Memoir by Mark Raphael Baker, 1997
Ostensibly the story of a son’s attempt to access and narrate his parents’ fragmented Holocaust biographies, Mark Raphael Baker’s The Fiftieth Gate also subverts the convention of second-generation memoir writing. A composite of detective story, love story, tales of hiding, and vignettes of discovery, The Fiftieth Gate has themes that are synonymous with the difficulties of the narrative construction of the Holocaust as an event “at the limits”: the search for appropriate interpretive vessels sensitive to the expression of often unspeakable memories of first-generation survivors, the traumas of intergenerational transmission, and the child’s adoption of a vicarious Holocaust identity as one of many complex responses. Baker’s relentless subjection of his parents’ memories to forensic historical analysis based on empirical evidence also revisits the vocabulary of speaking the unspeakable commonly associated with the long-standing debate about the Holocaust and its preferred modes of representation.

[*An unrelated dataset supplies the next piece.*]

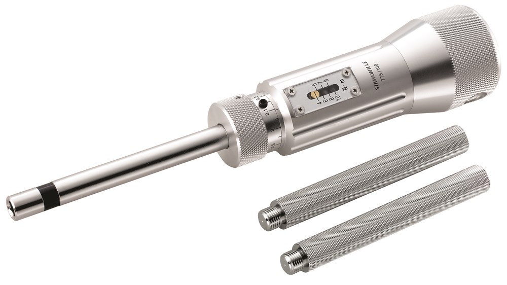 Klikkend, voor het gecontroleerd aanhalen in het cNm-bereik, voor enkelvoudig gebruik en serie-fabricage, schroefdrukveer als meetelement, voor rechtsom-- en linksomgebruik, met 1/4" binnenzeskant (F 6,3 DIN 3126/ISO1173), via micrometerschaal (draaibare schaal) traploos instelbaar, vrijloopkoppeling voorkomt het overtrekken van de ingestelde waarde, vorm en oppervlakte van de handgreep zorgt voor een betrouwbare overbrenging van het aanhaalmoment, insteekgereedschappen: alle bits met 1/4" buitenzeskant E 6,3, zoals kruiskop, POZIDRIV/SUPADRIV®, sleuf, TORX®, zeskant; voor de kleinste schroefverbindingen worden bits met 4 mm buitenzeskant en een bithouder (adapter) nr. 3115/2 voor schroevendraaierbits model C4 en buitenzeskant 1/4" (E 6,3 DIN 3126/ISO 1173) gebruikt, met certificaat, weergave-afwijking ± 6 %.

The motivation for the story emanates from Baker’s quest to find the thread that might weave the fragmented narrative of his parents’ largely unspoken pasts in which his childhood and adolescent Jewish identity were clothed. The environments that propelled Baker to this quest festered in an urban social context of dislocation: the absurdity of his parents’ Holocaust pain muted in the suburban isolation and material complacency of his home in Melbourne: “And there was the pain of displaced identification. I invented a biography for myself and elements of my parents’ lives, characters more valorous than any protagonist found in fiction. As a child, I even gave myself a number, imagining myself as a ghetto fighter … What was I doing? I now ask myself. Was it Australia I wished to escape, its suburban dross and culture of leisure? In the absence of a Holocaust, I was compelled to create my own.”